Jury comments: “This one stoked me the most in terms of, not only the décor, but the interactive aspect of it for the guests. Going in there and being able to immerse yourself in this idea of the break room and the karaoke and the music: it almost felt more authentic in its craziness.”

Beer Belly

The Long Beach outpost of the popular Koreatown gastropub was designed by MAKE architecture, which played on the city’s nautical history and took full advantage of a slew of wood slots that already existed in the space.
Monika M. Armstrong

Jury comments: “The wood workis so graphic and so strong.
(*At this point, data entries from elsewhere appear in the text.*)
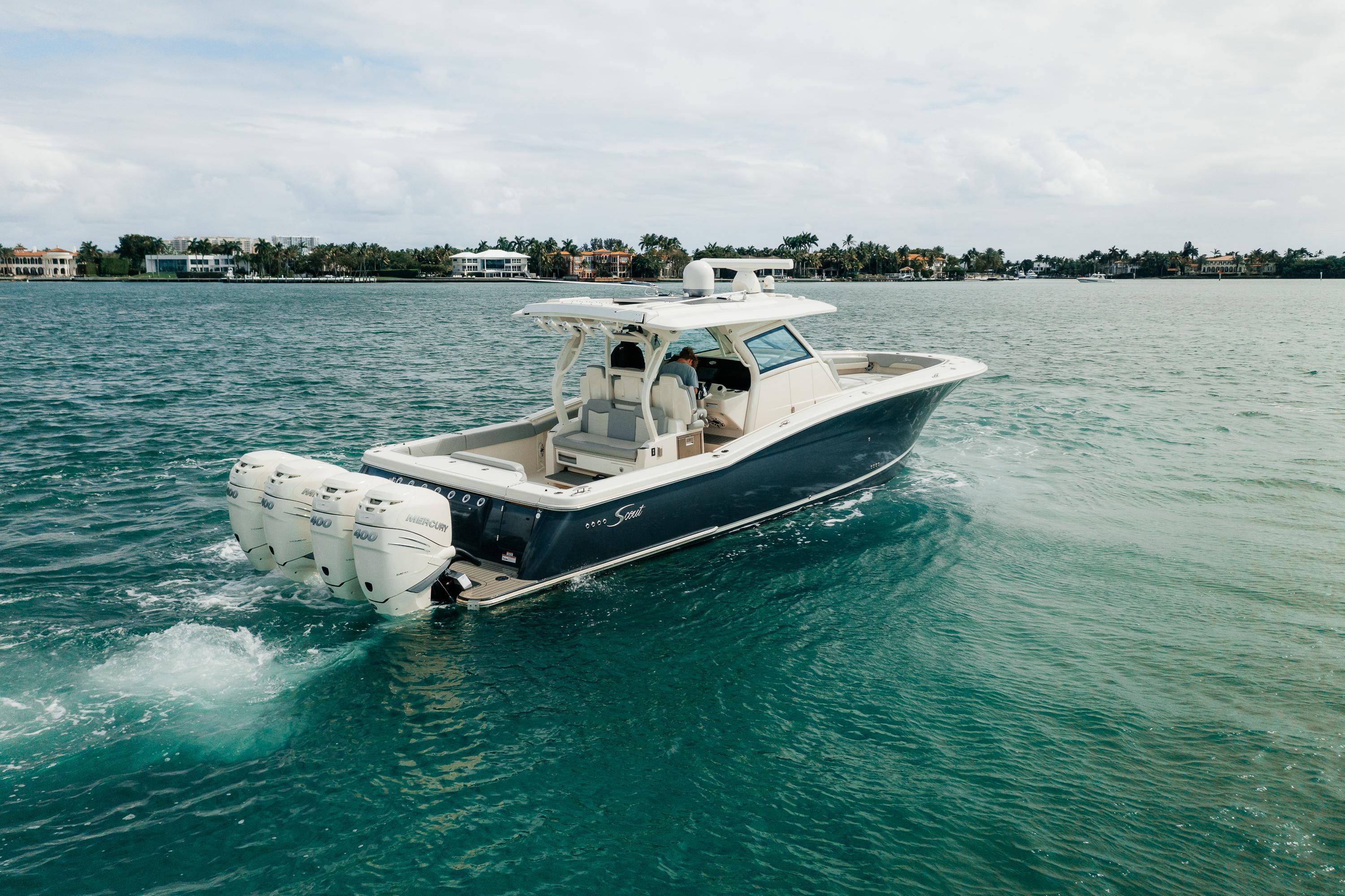 2021 Scout Boats 380 LXF. Currently only 2021 available on the market. One owner vessel. Custom ordered this boat new from Scout Boats factory. Equipped with every upgraded option available from the factory. Only 280 engines hours on quad Mercury 400's. Equipped with Brunswick extended warranty until 2027. Options listed below. Full Hul Color Shark GrayPainted Accent Strip -Scout WhiteMercury Quad 400M VDO V8 AMS w/ Joystick /Sky Hook whiteGarmin Display Upgrade to (3) 8616B175 L&HThru-Hull Transducer GMR424 XHD2 Marine Radar Garmin VHF 315 RadioXM Stereo/WeatherGrigio Cushion PackageForward Deck Shade CanvasConvertible leaning post (inc. grill, sink & Leaning Post Configuration)Sea Keeper 5Gyro Stabilizer System8kW Generator (upgrade from 5kW)(4) SMX53 LED underwater LumishoreCustom Painted FLIRCustom Painted Radar Custom Painted TVRetractable Rocket LaunchersElectric Sure Shade Integrated RetractableHot Water Shower on Deck6 YEAR BPP PASSPORT PREMIERETaco 380XL Cranking OutriggerQuad Engine Flush KitBow table &lounge filler cushion
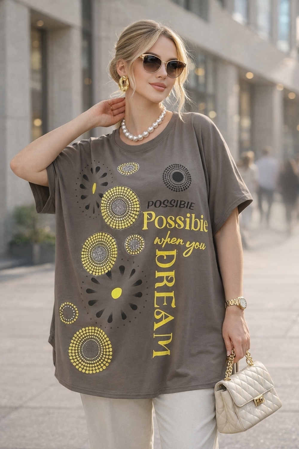 Эта туника — не просто одежда, а вдохновляющее заявление: «Всё возможно, если ты мечтаешь» — так звучит надпись на передней части изделия, гармонично вписанная в яркий, солнечный принт. Артикул F9702 создан для женщин, которые ценят смелость, женственность и утончённую роскошь в каждой детали.
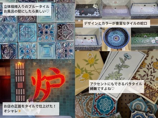 タイルは素材だけでなく、形やカラーバリエーションも多彩なので、好みに合わせてカスタマイズできます。
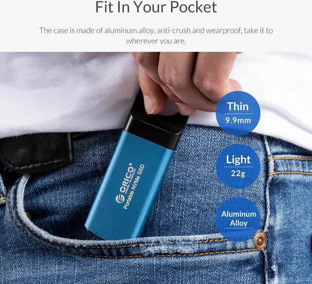 - 6.Portable SSD Size, 3.78 x 1.2 x 0.39inch, The weighing just 0.78 oz, and only 0.39" thick.The compact, light and slim SSD is the perfect portable storage. easily slides in your pocket to take work and entertainment, Perfect combination of reliability, performance and design.
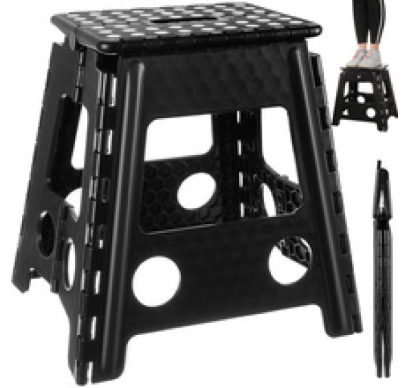 Plně skládací stolička, velmi snadná na přepravu a skladování. Výrobek je vybaven protiskluzovou vrstvou, díky které je použití bezpečnější. Plošinu využijete k dosažení vysoké police, natírání stropu při renovaci, zavěšení lustru nebo zavěšení závěsů. Výrobek je také perfektní jako platforma pro děti - například k dosažení umyvadla.
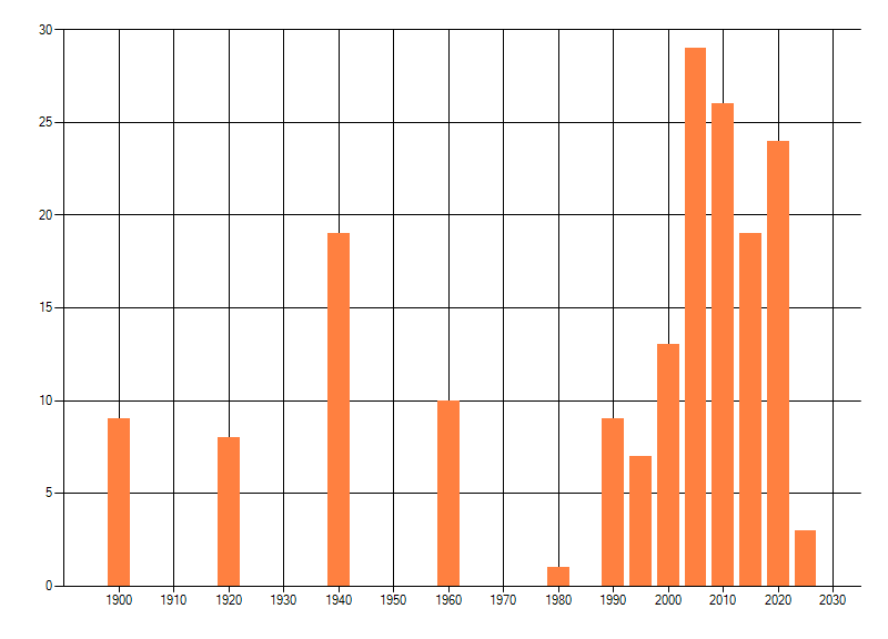 Het aantal atlasblokken (5x5 km) waarin de soort is gemeld binnen een periode van vijf jaar (vanaf 1980) of twintig jaar. Niet gecorrigeerd voor waarnemersinspanning en het aantal doorgegeven waarnemingen kan sterk variëren per periode, dus een trend in verspreiding kan hier niet direct uit worden afgelezen. Het opgegeven jaartal is het eerste jaar van de periode. Bron: gevalideerde waarnemingen uit de NDFF.
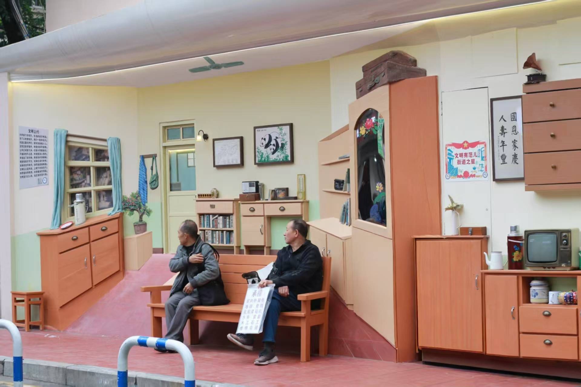 开巷当天,居民们手持《巷往藏宝图》,在8个“文明微景观”点位间打卡集章。木匠铺里,非遗传承人正与摊主共制店铺招牌,非遗剪纸代表性传承人指尖翻飞,木刻刀在匠人手中流转出岁月肌理;记忆橱窗前,老人对着老物件娓娓道来,老茶馆旁的摄影展定格着邻里温情……这个2000平方米的老旧小区,如今已成为“文明有范儿·巷往”示范治理空间。
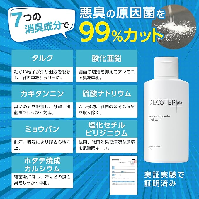 【7つの靴消臭成分】 足元を爽やかに保ちたいなら、この靴用消臭粉がおすすめです。超微粒子のシューパウダーが靴にしっかり馴染み、足の匂いや汗の対策もこれ一本で解決。足の匂い消しや靴の匂い消しをお探しの方にぴったりです。7つの天然由来除菌消臭成分が、靴の中の気になる匂いの元にアプローチし、長時間にわたって効果を持続。さらに、シューズパウダー 日本製ならではの高品質で、足元の潤いを守りながら、抗菌作用も発揮します。継続使用することで最大180日間効果が持続。忙しい毎日でも、快適な足元をサポートする頼れる靴の消臭粉です。
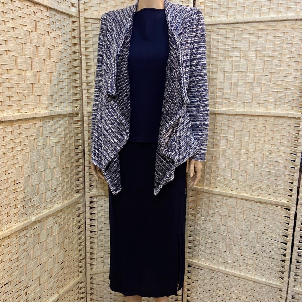 This is a beautiful blue knit cardigan from Chaus NY. It is in good condition with minimal wear as shown in photos. This will fit size: S, actual measurements to follow:
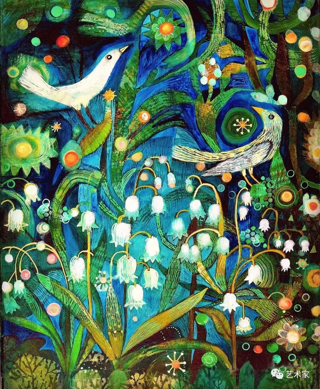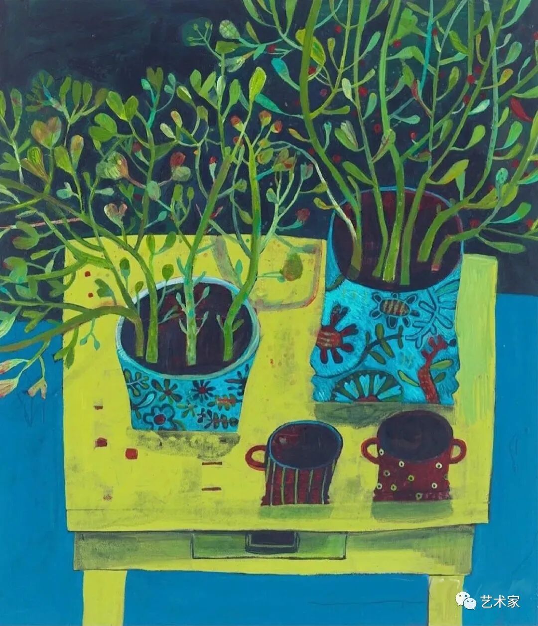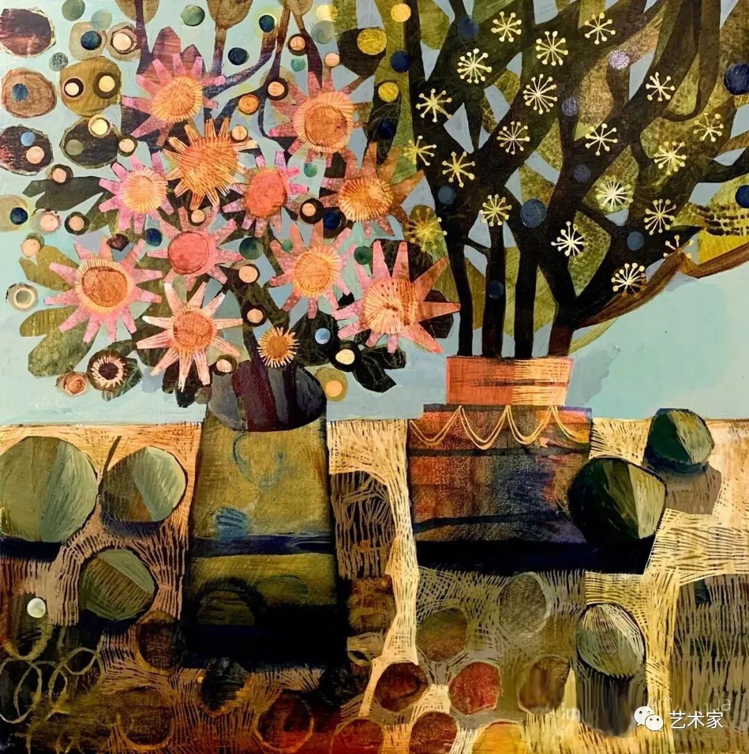 创作艺术让我感到有活力。它来自于一种深深的创作需求,这种需求从我记事起就一直伴随着我。在我的作品中,色彩是一个主要元素,运用在层次上,创造的意图是惊喜,唤起平静的情绪和快乐的感觉。灵感来自自然和季节,标志性的植物形式和有机形状总是存在,使用绘画过程和技术的结合。

It really has a big impact without going over the top in terms of décor and design.”

Little Ground Cafe

WORD created a neighborhood hangout in Glendale using a lot of wood and concrete.
Christopher Warren

Jury comments: “We responded positively to the graphic sensibility of the wood screen, and also the urban and social engagement of the corner.”

Cassia

Montalba Architects masterfully created two spaces within an old Art Deco bank building: a vibrant marketplace that transitions to a quieter, intimate dining room.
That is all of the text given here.